Kwanzaa Culinarians

Recipes and Food Stories from the African Diaspora

Umoja: Feed the Resistance by Julia Turshen

While I didn’t grow up celebrating Kwanzaa, the Umoja principle rings true for me. The idea of unity, of building a community that holds together, is what I try to do in my work as a cookbook author and, honestly, in my work as a human being. Unity and community building requires tools, requires glue and string and mortar to keep everything connected. Food is the best tool I know to achieve this. It brings us around tables, it grounds everyone, it sustains and supports and, remarkably, it allows us to share ourselves with everyone we feed. Food is where we are most vulnerable and also where we can be most supportive.

The Umoja principle is, in hindsight, what inspired me to put together my latest book Feed the Resistance. The book is from a community and it’s meant to help nourish and build other communities. It has over twenty contributors and every recipe, essay, and list is about ways to get involved in your community.

Photo by Julia Turshen

One of the ways I get involved with my own community is volunteering weekly with my wife Grace at an organization called Angel Food East in Kingston, New York near where we live. We cook and deliver homemade meals for clients in our area who are homebound with chronic illness. One of the things I make most often at Angel Food East is an easy bread pudding both as a way to use up the leftover bread we always seem to have and to give something sweet and comforting to our clients. I included the recipe in Feed the Resistance because it’s affordable, easy to make for a large crowd, and is basically like a hug in dessert form.

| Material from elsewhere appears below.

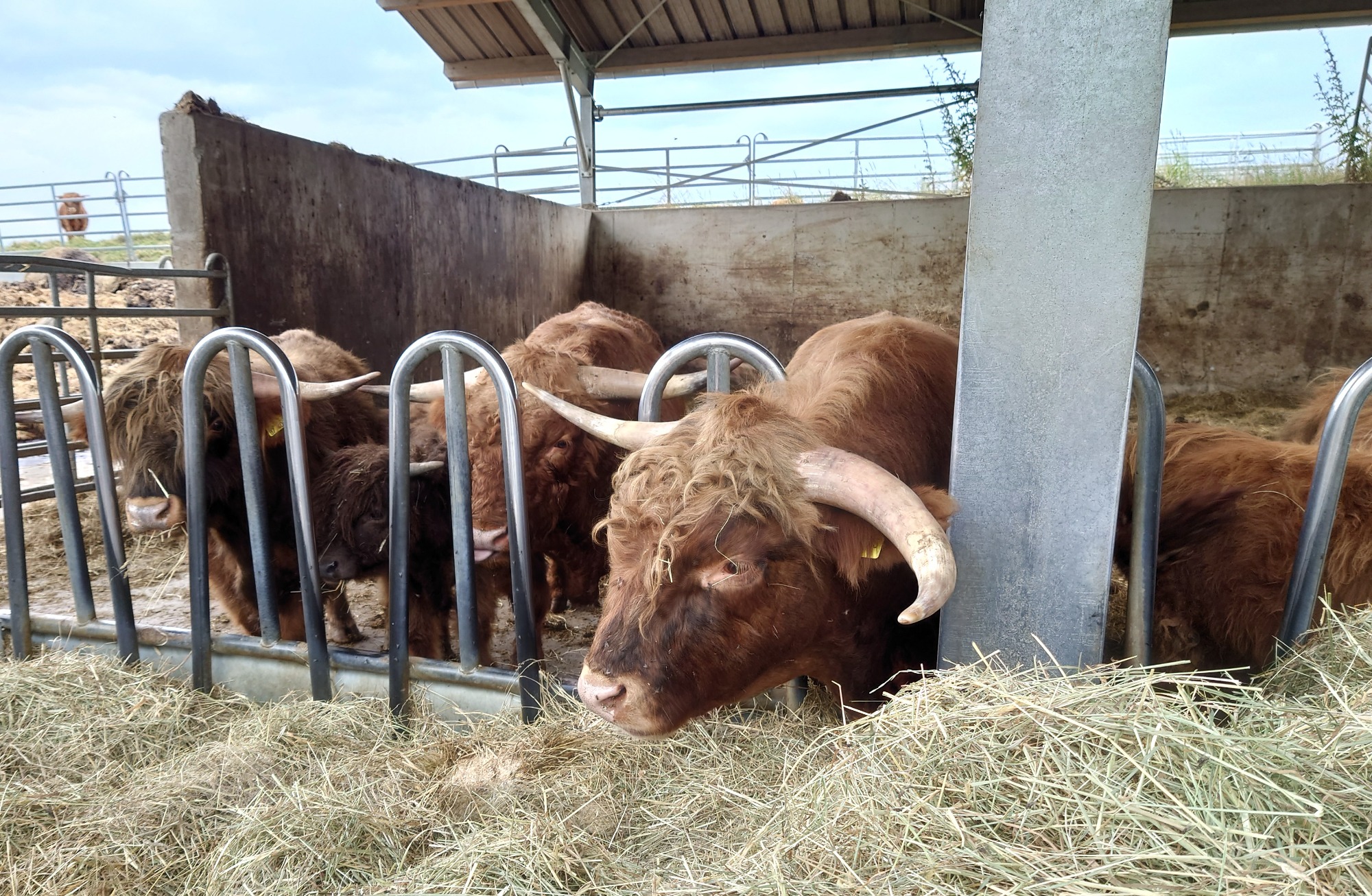 Thomas erklärte uns den Hof, bei dem wie er sagte von der Geburt der Tiere bis zum Teller alles aus eigener Produktion gemacht wird. Es werden zur Zeit 146 Hochlandrinder und ca. 30 Schweine gehalten.

It’s also a reminder that showing up regularly for the people around you is so important and food is a very easy way to do that.

Photo by Julia Turshen

Recipe excerpted with permission from Chronicle Books.

Angel Food Bread Pudding with Butterscotch Sauce

Serves 20

Ingredients

  • Baking spray
  • 1 lb. [453 g] white or whole-wheat sandwich bread, torn or cut into bite-size pieces
  • 1 lb. [453 g] cinnamon-raisin sandwich bread, torn or cut into bite-size pieces
  • One 14-oz [397-g] can sweetened condensed milk
  • 1/2 cup [100 g] granulated sugar
  • 4 cups [1 L] whole milk
  • 1-1/2 tbsp. vanilla extract
  • 2 tsp kosher salt
  • 1 tbsp. ground cinnamon
  • 1 cup [240 ml] heavy cream
  • 12 large eggs
  • Butterscotch Sauce (Recipe below)

Directions

  1. Preheat the oven to 400°F [200°C]. Spray the bottoms and sides of a 12” by 18” [30-by 46-cm.] roasting pan (basically whatever you would roast a turkey in and a disposable aluminum pan is totally fine) with baking spray.
  2. Place all of the bread in the roasting pan.
  3. Place the sweetened condensed milk, sugar, milk, vanilla, and salt in a large pot set over high heat.
  4. Warm the mixture, stirring now and then to dissolve the sugar, until bubbles form at the edge and then turn off the heat.
  5. Place the cinnamon in a very large bowl with half the cream and whisk well to form a paste.
  6. Add the rest of the cream and whisk well to dissolve the paste and then crack all of the eggs into the bowl and whisk well to combine (making the cinnamon paste helps it incorporate evenly).
  7. Ladle in about 1 cup [240 ml] of the hot milk mixture and whisk well to combine. Repeat the process a few more times to gently warm up the eggs. Add whatever remains of the hot milk mixture to the eggs and whisk well.
  8. Pour the custard over the bread and stir well to combine (I use my hands to do this).
  9. Press the bread pieces down to make sure they’re all submerged in the custard.
    Bake the bread pudding until golden brown, set throughout (test by jiggling the pan), and slightly puffed, about 40 minutes.
  10. Serve warm with the Butterscotch Sauce drizzled on top.

Butterscotch Sauce

Makes about 2 cups [480 ml.]

Ingredients

  • 8 tbsp. [1 stick/112 g] unsalted butter
  • 1 cup [200 g] packed dark brown sugar
  • 1-1/2 cups [360 ml] heavy cream
  • 2 tsp kosher salt
  • 1 tbsp. vanilla extract
  1. Directions
    Place the butter, brown sugar, cream, and salt in a medium saucepan set over high heat.
  2. Once it comes to a boil, decrease the heat and simmer, stirring now and then, until slightly reduced, about 15 minutes.
  3. Turn off the heat and stir in the vanilla.
  4. Serve warm. You can also cool it to room temperature, store it in a covered container in the refrigerator for up to a week, and then reheat in a saucepan set over low heat until warm.

About Julia Turshen

Julia Turshen is the bestselling author of Feed the Resistance, named the Best Cookbook of 2017 by Eater, and Small Victories, named one of the Best Cookbooks of 2016 by The New York Times and NPR. She has coauthored numerous cookbooks including It’s All Good with Gwyneth Paltrow, and hosted the first two seasons of Radio Cherry Bombe. She has written for The New York Times, The Washington PostThe Wall Street Journal, VogueT Magazine, Bon AppétitFood & WineSaveur, and SELF. Epicurious has called her one of the 100 Greatest Home Cooks of All Time. Julia lives in the Hudson Valley with her wife and pets.

Information

This entry was posted on December 26, 2017 by in 2017, desserts, Personal Story, Recipe, Umoja and tagged , , , , , .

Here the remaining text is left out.